KDDIとグローバル・ブレイン、新たなファンド設立
KDDI株式会社とグローバル・ブレイン株式会社が共同で設立した「KDDI Open Innovation Fund V」(以下、KOIF V)が注目を集めています。この新しいファンドは、特にAIやDeep Tech分野におけるスタートアップ企業への投資に注力し、次世代のビジネス創出を目指しています。
背景:スタートアップ支援の強化
これまで、両社は2012年からKDDI Open Innovation Fundを通じて、約400億円を国内外の有望スタートアップ150社に投資してきました。これによりAI、IoT、フィンテック、データマーケティングといった多様な分野でのイノベーションを促進し、日本のスタートアップエコシステムの発展に寄与してきた実績があります。KOIF Vの設立は、これまでの活動の延長として位置づけられています。
KOIF Vの特徴と目的
KOIF Vは、運用総額が50億円と予定され、投資期間は10年間です。主にAIやDeep Techといった先端技術に携わるスタートアップが対象となり、KDDIの新規事業の種となる企業への支援が行われる予定です。無限責任組合員にはグローバル・ブレインが名を連ねており、有限責任組合員としてKDDIがその役割を果たします。
目指すビジョン
この新ファンドの設立を通じて、KDDIは日本国内でのユニコーン企業の創出を狙っています。
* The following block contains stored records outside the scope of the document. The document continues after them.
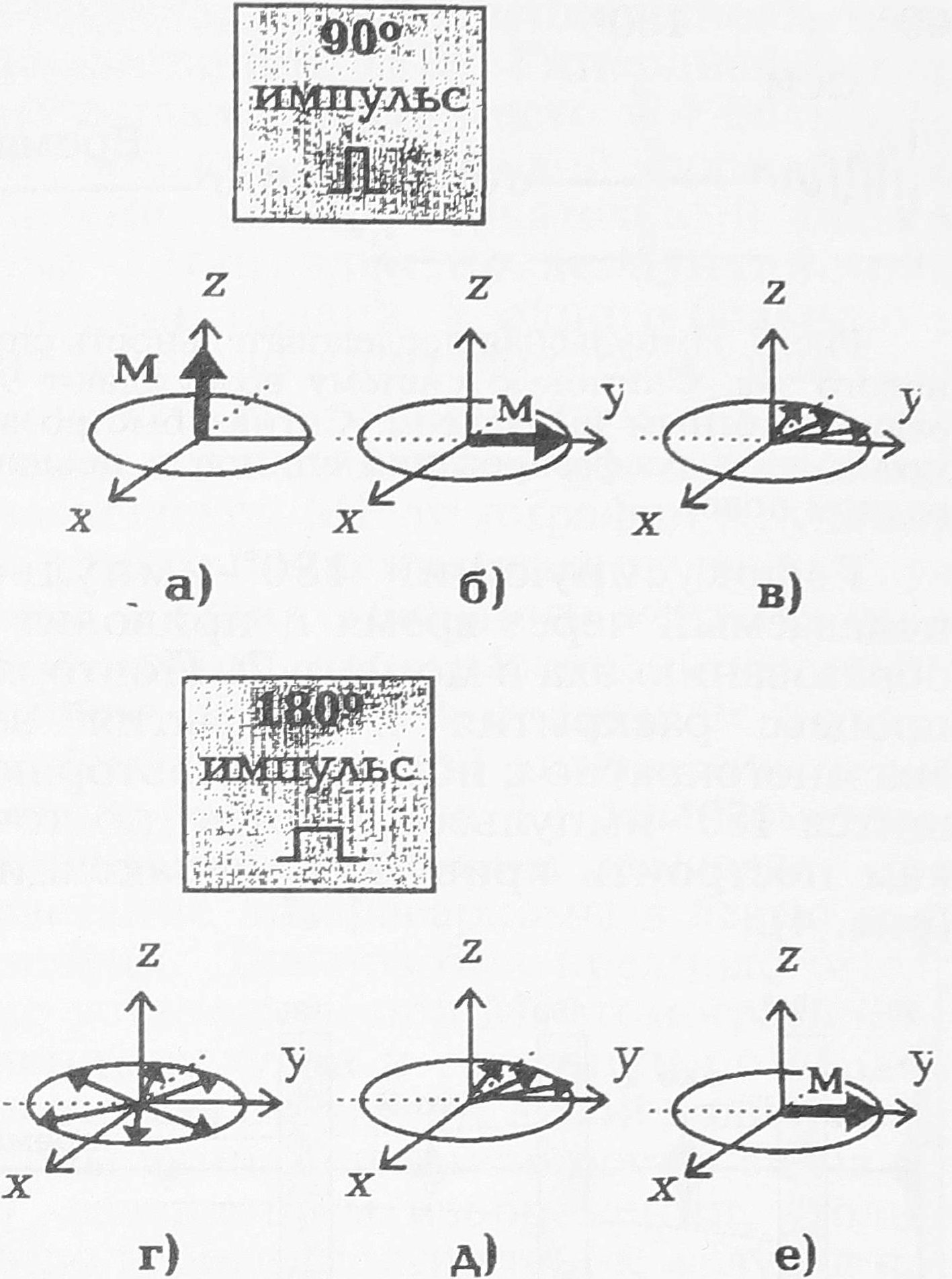 Для получения сигнала ЯМР на спины одновременно воздействуют постоянным магнитным полем и радиочастотным полем, подаваемым в форме кратковременного импульса, при этом вектор суммарной намагниченности М отклоняется от направления магнитного поля.
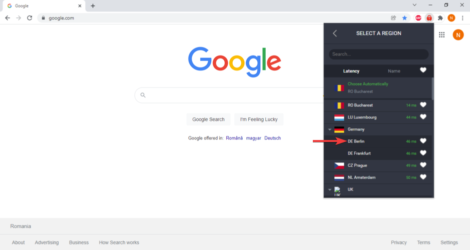 VPN server location: Frankfurt, Germany
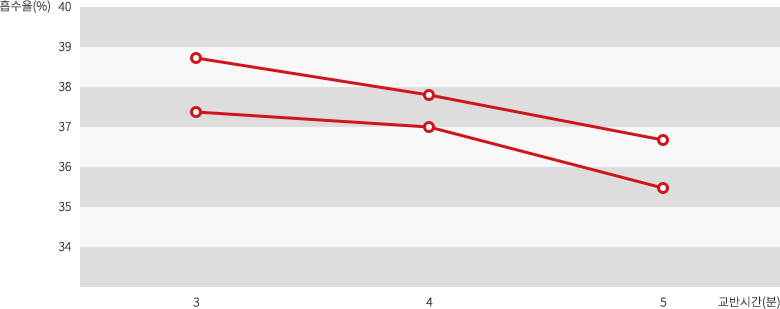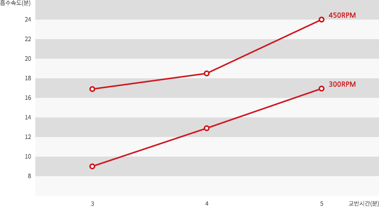 - 교반시간을 짧게했을 경우 흡수속도는 빠르고, 길게 했을 경우 흡수속도는 느리게 됩니다.

ユニコーン企業とは、設立から1年以内に評価額が10億ドルに達するスタートアップを指し、これを目指す企業の支援を行うことで、日本の経済成長に寄与するという意図があります。
■KDDIの事業内容
KDDIは、1984年に設立され、電気通信事業を中心に展開しています。東京の飯田橋に本社を構えるこの企業は、AIを活用したさまざまなサービスを提供し、日本国内の通信事業をリードしています。KDDIの代表取締役社長である松田浩路氏は、今後のスタートアップ支援の重要性を強調し、このファンドがもたらす可能性について期待を寄せています。
グローバル・ブレインの役割
一方、グローバル・ブレインも1998年の設立以来、ベンチャーキャピタル事業を通じて多くの企業に投資を行ってきました。渋谷に本社を置く同社は、KOIF Vの運営において、投資判断や経営支援、IPO支援といった幅広いサービスを提供し、ステップアップを目指すスタートアップに寄り添う形でのサポートを行います。代表取締役社長の百合本安彦氏は、このファンドの意義を語り、スタートアップ企業の成長がいかに重要かを強調しています。
まとめ
KOIF Vの設立は、AIやDeep Techといった分野のスタートアップ支援を強化する新たな一歩を示しており、特に日本のスタートアップエコシステムにおいて重要な役割を果たすことは間違いありません。今後、このファンドによって日本発のユニコーン企業の誕生が期待される中で、KDDIとグローバル・ブレインの取り組みに目が離せません。